What to work on:
The copy must match the data word for word and contain no pictures.

Information supplied:

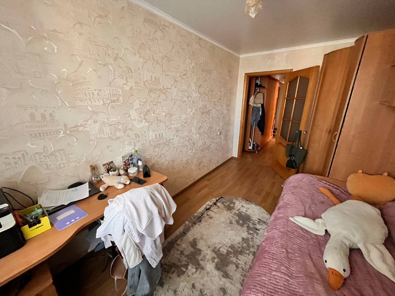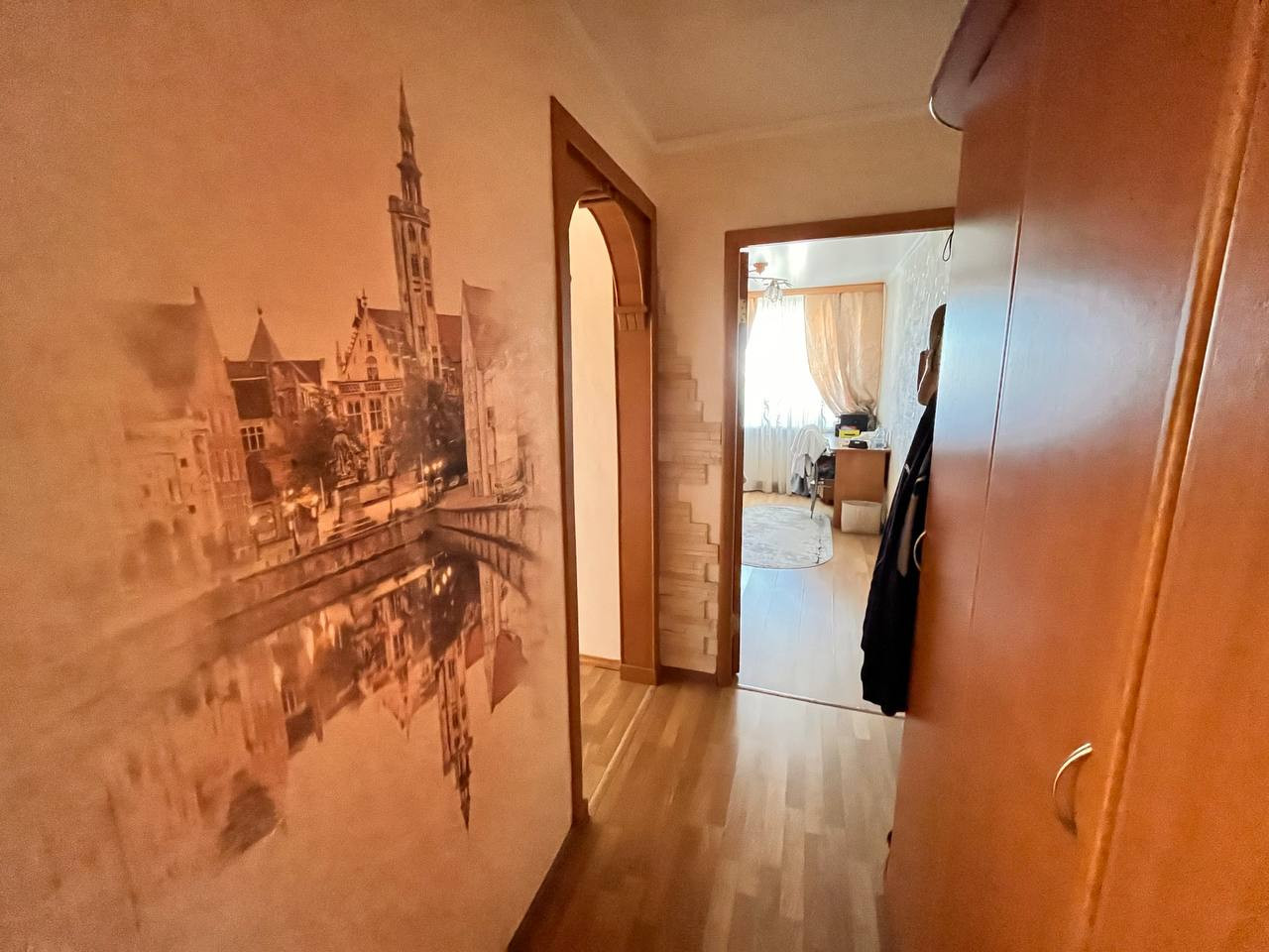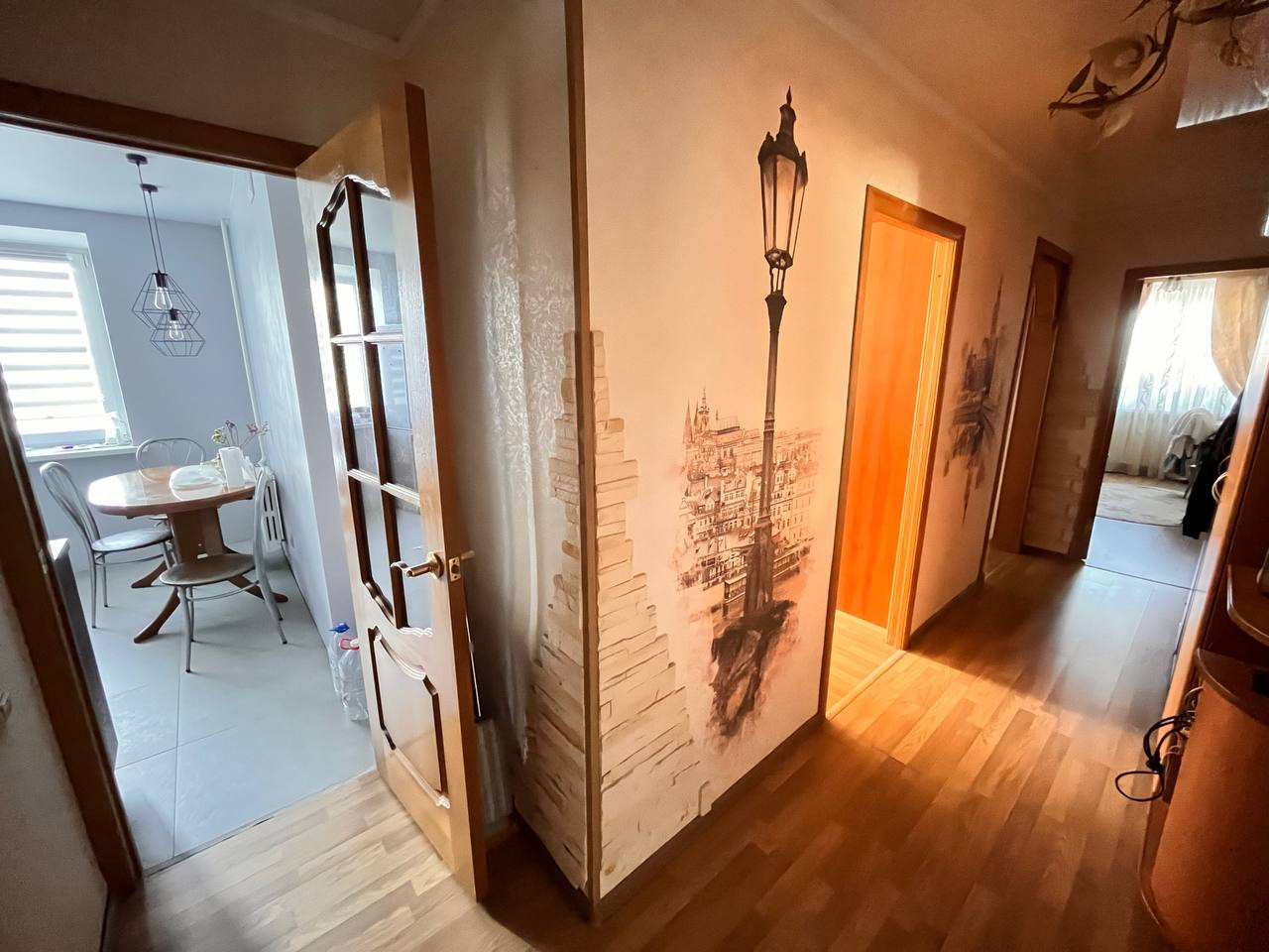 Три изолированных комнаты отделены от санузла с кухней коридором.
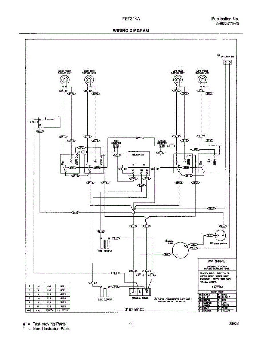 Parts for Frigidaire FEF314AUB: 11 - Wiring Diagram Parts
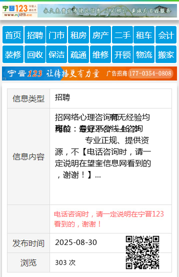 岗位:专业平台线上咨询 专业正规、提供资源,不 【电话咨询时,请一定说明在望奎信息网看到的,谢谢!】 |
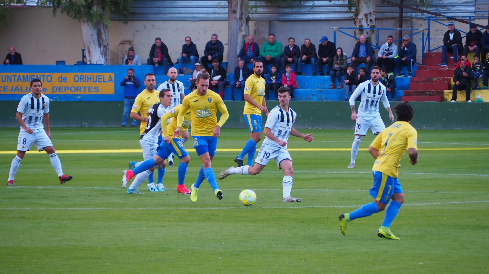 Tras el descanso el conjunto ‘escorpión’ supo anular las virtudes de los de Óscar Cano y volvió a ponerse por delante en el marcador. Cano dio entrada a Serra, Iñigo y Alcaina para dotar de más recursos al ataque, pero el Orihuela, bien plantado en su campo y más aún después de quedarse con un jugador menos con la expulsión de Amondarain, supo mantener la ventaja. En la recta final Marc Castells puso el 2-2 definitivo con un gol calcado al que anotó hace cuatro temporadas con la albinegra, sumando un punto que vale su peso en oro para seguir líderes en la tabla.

Exercise solution:
 Три изолированных комнаты отделены от санузла с кухней коридором.
 Parts for Frigidaire FEF314AUB: 11 - Wiring Diagram Parts
 岗位:专业平台线上咨询 专业正规、提供资源,不 【电话咨询时,请一定说明在望奎信息网看到的,谢谢!】 |
 Tras el descanso el conjunto ‘escorpión’ supo anular las virtudes de los de Óscar Cano y volvió a ponerse por delante en el marcador. Cano dio entrada a Serra, Iñigo y Alcaina para dotar de más recursos al ataque, pero el Orihuela, bien plantado en su campo y más aún después de quedarse con un jugador menos con la expulsión de Amondarain, supo mantener la ventaja. En la recta final Marc Castells puso el 2-2 definitivo con un gol calcado al que anotó hace cuatro temporadas con la albinegra, sumando un punto que vale su peso en oro para seguir líderes en la tabla.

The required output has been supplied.